Conceptart Workshop London

Where to begin - I've not been putting off writing this. Time has simply been occupied with Life. So much life.

I travelled by train from Dundee to London with my good friend Will Wright. I'm really thankful trains provide a socket for laptops, as I doodled in photoshop for the majority of the journey. Some reference landscapes as they slipped by and the world turned.



Arrival in London was triumphant and it was my first experience of King's Cross which I think was somewhat mixed due to the vast changes the station is under going. I'm very thankful to those whom allowed me to stay in their flat for my time in London, and their enthusiastic dogs.

Left waiting knicked some confidence but to enter the hall and witness everyone sitting in darkness watched Kekai do this thing. 'When in doubt, dragons.' A real tactile sense of creative energy and hush in the room, so many minds ticking away. Learning, watching, inspiration transference all actively happening between Pro and peers. I knew I had made the right decision. I knew I was meant to be here.




"I can draw a fucking cat..."


I received my one and only paintover from the wonderful Shay Hulbert who revealed my distinct lack of unicorns. Crisis averted!

The quest for self improvement begins by holding yourself accountable. Make it real, exclaim your intentions. Your hopes and fears so you can act on them.

I received a number of folio reviews from a great array of professionals, insanely useful. Here's a snapshot of some notes I took from a particular two. Thank you to the others who offered their time and experience to help push me further.

KEKAI KOTAKI

The following are notes I made in earnest while showing my folio to Kekai.

Bring the piece together more, add some interests and get the read. Mark making is splotchy. It seems as though I'm uncertain in use of which brushes correctly, to use for certain things.

Where's the focus?

Look at master paintings, move forward and iterate, slow and steady and get the job done. Don't rush.

BJORN HURRI

For design. Think in shapes, separate these out by their areas of major value. Design is about creating these strong shapes. Can it read from a distance?

Napkin test, can you draft the design on a napkin easily, does it read?

Vilppu - constrution of figures - worry about the read

Draw figures every fucking day.

Fix poses, make them more dynamic in a setting.

What do the shapes communicate? How the character will move, what will make it look like it moves quick, sluggish?

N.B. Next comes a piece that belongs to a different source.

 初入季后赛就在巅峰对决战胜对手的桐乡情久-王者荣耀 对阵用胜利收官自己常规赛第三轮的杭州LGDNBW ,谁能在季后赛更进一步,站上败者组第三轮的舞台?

Jason Felix presenting, photo by Jamie Wong

I found a spirit both beautiful and terrifying in passing my collection of work over for a folio review to those I hold in awe. That moment while place it in their hands and you hold your breath in anticipation.

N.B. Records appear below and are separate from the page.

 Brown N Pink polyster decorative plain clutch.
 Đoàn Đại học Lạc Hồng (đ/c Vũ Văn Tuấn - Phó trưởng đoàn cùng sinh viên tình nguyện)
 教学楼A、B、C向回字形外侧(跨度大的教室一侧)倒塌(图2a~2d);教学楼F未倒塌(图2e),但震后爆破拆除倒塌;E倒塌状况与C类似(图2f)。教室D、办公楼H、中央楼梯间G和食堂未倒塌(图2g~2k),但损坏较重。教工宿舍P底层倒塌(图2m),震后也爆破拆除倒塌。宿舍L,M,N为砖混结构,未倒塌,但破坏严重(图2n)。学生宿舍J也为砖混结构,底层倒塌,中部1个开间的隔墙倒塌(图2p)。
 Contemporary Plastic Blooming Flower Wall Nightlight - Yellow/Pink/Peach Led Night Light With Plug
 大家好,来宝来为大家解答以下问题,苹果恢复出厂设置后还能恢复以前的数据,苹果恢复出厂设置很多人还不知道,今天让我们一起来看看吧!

Very similar to carrying a shield into battle, and during every fray a small crack appears across the surface. Again and again. It breaks under the weight of all of the advice until you're left holding what is to you a broken instrument. Trust that it will hold, remain calm, and step forward for the next review, each time summing up the courage to acknowledge the mistakes, and delve deeper.

You carry all of the advice forward, and your collection of work reveals its true nature of flaws, but the cracks offer handholds for improvement.

I attained a wonderful sense of calm after London where nervousness burned itself out, as though it cauterized the nerves endings themselves. An opportune moment for amazing things to happen.